_Work required_:
An acceptable answer repeats exactly the line containing "おばあちゃんに抱っこされる赤ちゃん" and all lines that follow it in the listing below, and it includes no pictures.

*** Opening Information supplied ***

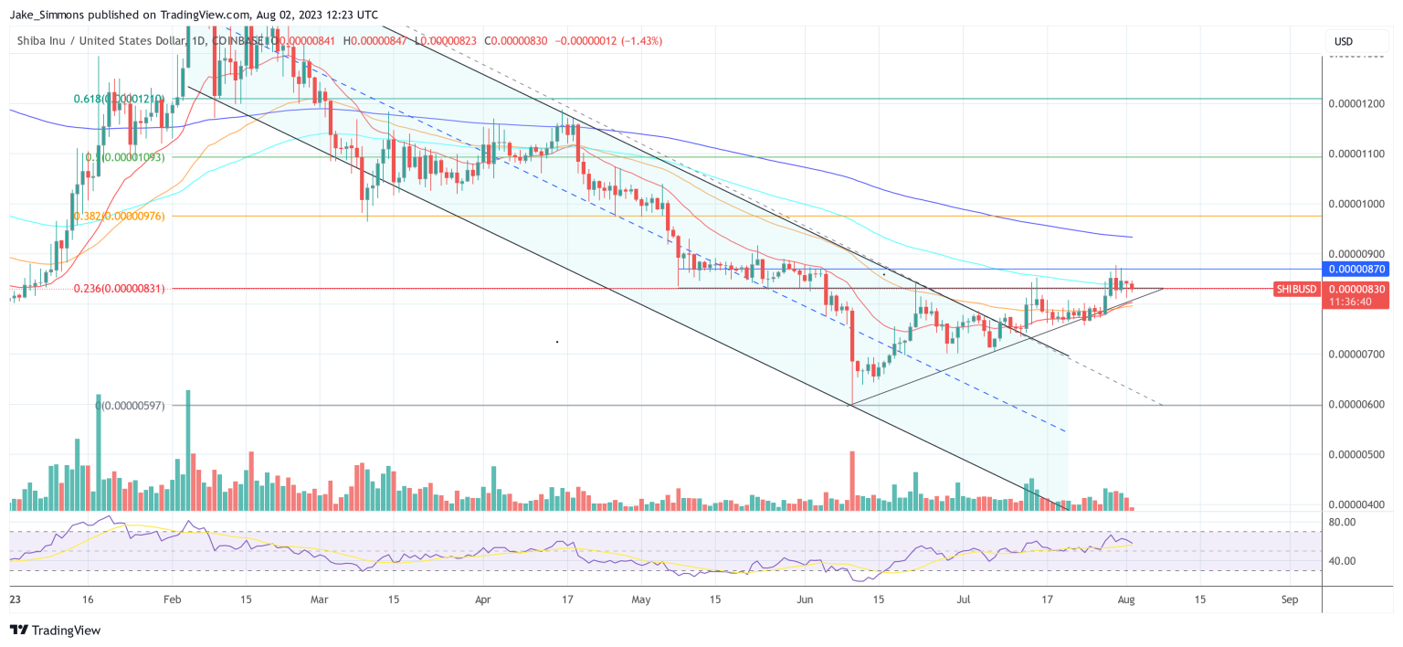 In recent weeks, the meme coin Shiba Inu (SHIB) has shown signs of recuperation, gradually recovering from its yearly low of $0.00000597, reached on June 10. SHIB was following the pawprints of its rival, Dogecoin (DOGE), which recently garnered momentum following a profile update from Elon Musk. As the value of SHIB began to move upward, anticipation around the forthcoming release of Shibarium, a layer 2 solution, also began to ripple through the investor community.
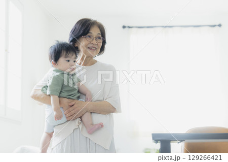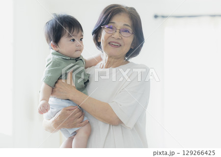 おばあちゃんに抱っこされる赤ちゃん
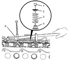 a.將工具(A)安裝在Perkins1106A/C發(fā)動機缸蓋的相應(yīng)位置中,以壓縮相應(yīng)氣缸的Perkins1106A/C發(fā)動機氣門彈簧(3)。
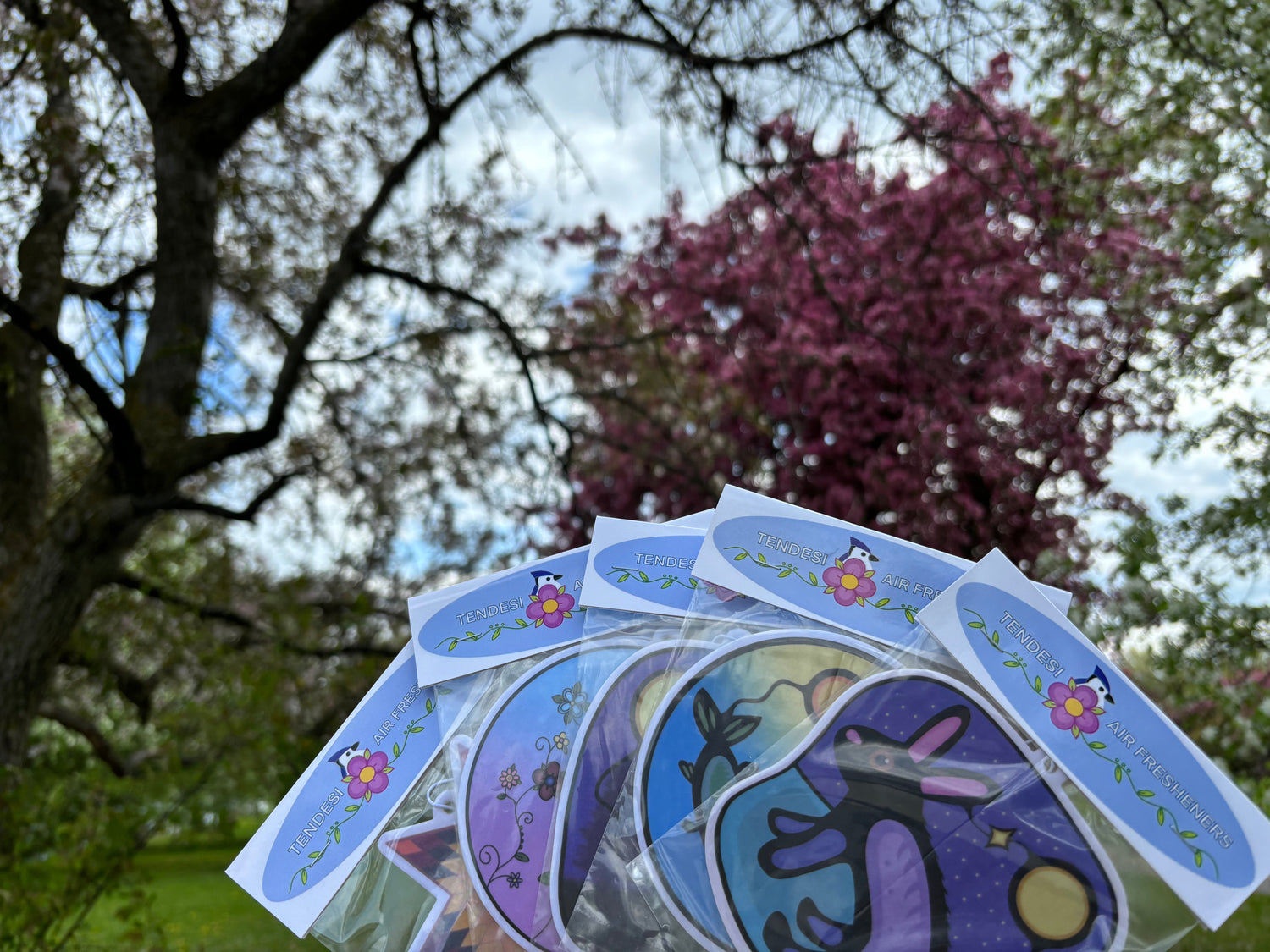 Tendesi Air Fresheners is an owned and operated Indigenous business created by 3 Anishinabe sisters from Kitigan Zibi, Quebec. Tendesi Air Fresheners offers unique Indigenous artwork that improves overall odor and quality of air. We are proud to introduce Tendesi Air Fresheners

*** Closing Information supplied ***

_Output for this exercise_:
 おばあちゃんに抱っこされる赤ちゃん
 a.將工具(A)安裝在Perkins1106A/C發(fā)動機缸蓋的相應(yīng)位置中,以壓縮相應(yīng)氣缸的Perkins1106A/C發(fā)動機氣門彈簧(3)。
 Tendesi Air Fresheners is an owned and operated Indigenous business created by 3 Anishinabe sisters from Kitigan Zibi, Quebec. Tendesi Air Fresheners offers unique Indigenous artwork that improves overall odor and quality of air. We are proud to introduce Tendesi Air Fresheners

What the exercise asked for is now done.